The Beastie Boys won two Grammy Awards in 1999, receiving the Grammy Award for Best Alternative Music Album for Hello Nasty as well as the Grammy Award for Best Rap Performance by a Duo or Group for "Intergalactic". This was the first time that a band had won awards in both rap and alternative categories.

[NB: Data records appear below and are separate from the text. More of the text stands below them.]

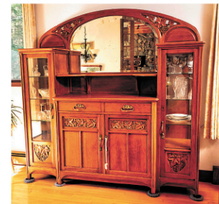
Gauthier-Poinsignon Art Nouveau School of Nancy, Vine Carved Server Buffet, circa 1900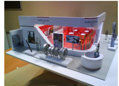
Model of A&D exhibition booth (150 m 2 )

From June 15 to 21, Aubert & Duval exhibits at the largest world biennial Aerospace show, with professional attendance from Monday to Thursday and public attendance from Friday to Sunday.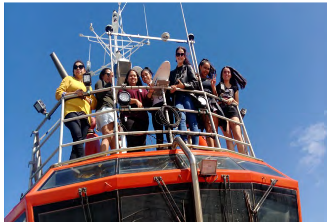
Mentoring boat trip at Fremantle Port.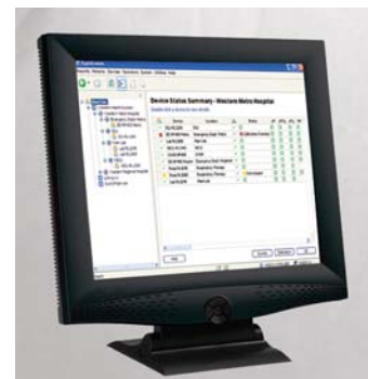
RAPIDComm Data Management Software gives you secure workstation access to all blood gas information – institution-wide.

Siemens Healthcare Diagnostics Inc. 1717 Deerfield Road Deerfield, IL 60015-0778 USA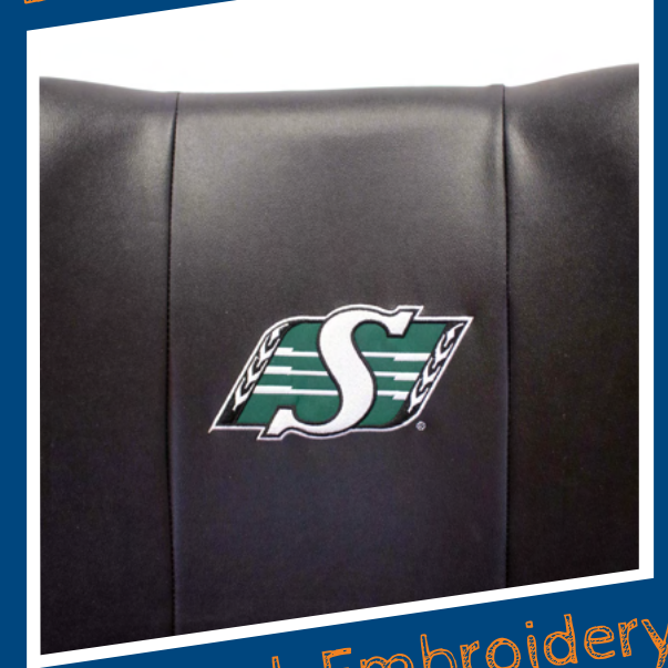
Seat Back Embroidery

At the 1998 MTV Video Music Awards, the Beastie Boys won the Michael Jackson Video Vanguard Award for their contributions to music videos. The following year at the 1999 MTV Video Music Awards, they also won the award for Best Hip Hop Video for their hit song "Intergalactic". The Beastie Boys used their platform and speeches at the VMAs to advocate for political and social change. At the 1998 ceremony, Yauch spoke out against Islamophobia, in the wake of the US Embassy bombings that had occurred in both Kenya and Tanzania a month earlier. At the 1999 ceremony, in the wake of the sexual assaults at Woodstock 99, Horovitz, encouraged by his then-girlfriend Kathleen Hanna, addressed the incidents and encouraged artists to work with security to encourage the safety of women attending their concerts.

The Beastie Boys started an arena tour in 1998. Through Ian C. Rogers, the band made live downloads of their performances available for their fans, but were temporarily thwarted when Capitol Records removed them from its website. The Beastie Boys was one of the first bands to make MP3 downloads available on their website. The group got a high level of response and public awareness as a result including a published article in The Wall Street Journal on the band's efforts.

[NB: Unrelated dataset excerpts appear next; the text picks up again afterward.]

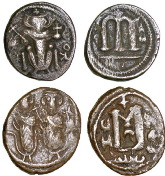
Figure 7 These folles also minted in the mid-seventh century in Damascus and Baalbek likewise represent local uses of widespread imperial prototypes but in these cases and that of the Skythopolis coin previously examined, the choices made are different. (Barber Institute Collection, A-B05 and A-B19, used with kind permission of the Barber Institute.)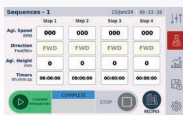
Process Sequence Creation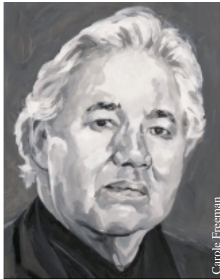
Justice Murray Sinclair

Textbook portrayal of the North American Indian was distorted, denigrative, inaccurate, and incomplete. They were presented as blood-thirsty war-mongers, hostile savages and drunken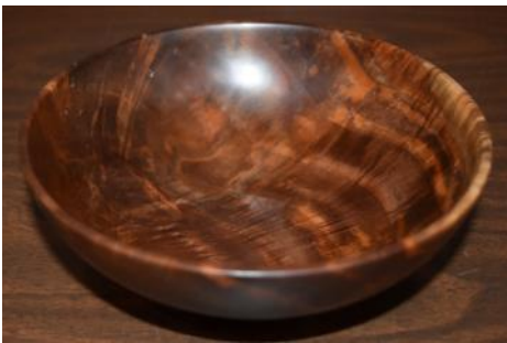
Bowl - Kyle Hansen Walnut & Maple - Oil & Wax

The Beastie Boys released The Sounds of Science, a two-CD anthology of their works in 1999. This album reached number 19 on the Billboard 200, number 18 in Canada, and number 14 on the R&B/Hip-Hop Albums chart. The one new song, the single "Alive", reached number 11 on the Billboard Modern Rock chart.

In 2000, the Beastie Boys had planned to co-headline the Rhyme and Reason Tour with Rage Against the Machine and Busta Rhymes, but the tour was canceled when Diamond sustained a serious injury due to a bicycle accident. The official diagnosis was fifth-degree acromioclavicular joint dislocation; he needed surgery and extensive rehabilitation. By the time he recovered, Rage Against the Machine had disbanded, although they would reunite seven years later.

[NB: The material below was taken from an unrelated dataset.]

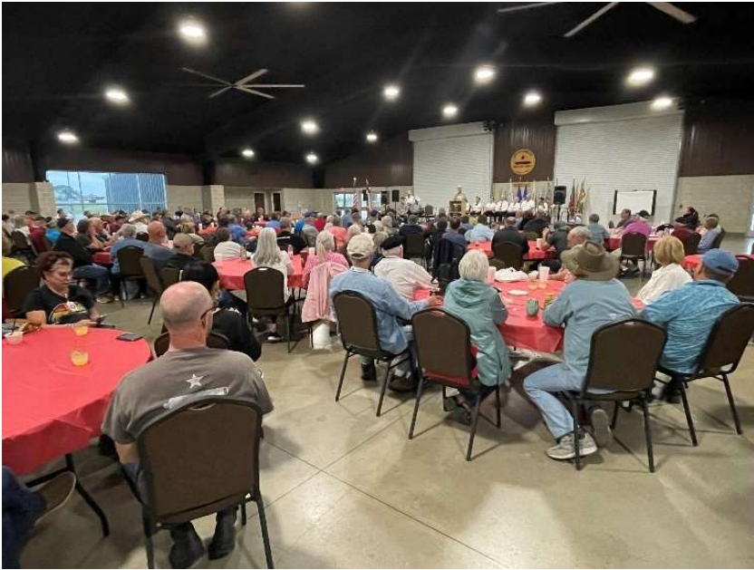
Region 9 Board & Member Meeting

Under the name Country Mike, Mike D recorded an album, Country Mike's Greatest Hits, and gave it to friends and family for Christmas in 2000. Adam "Ad-Rock" Horovitz's side project BS 2000 released Simply Mortified in 2001. In October 2001, after the September 11, 2001 attacks, the Beastie Boys organized and headlined the New Yorkers Against Violence Concert at the Hammerstein Ballroom.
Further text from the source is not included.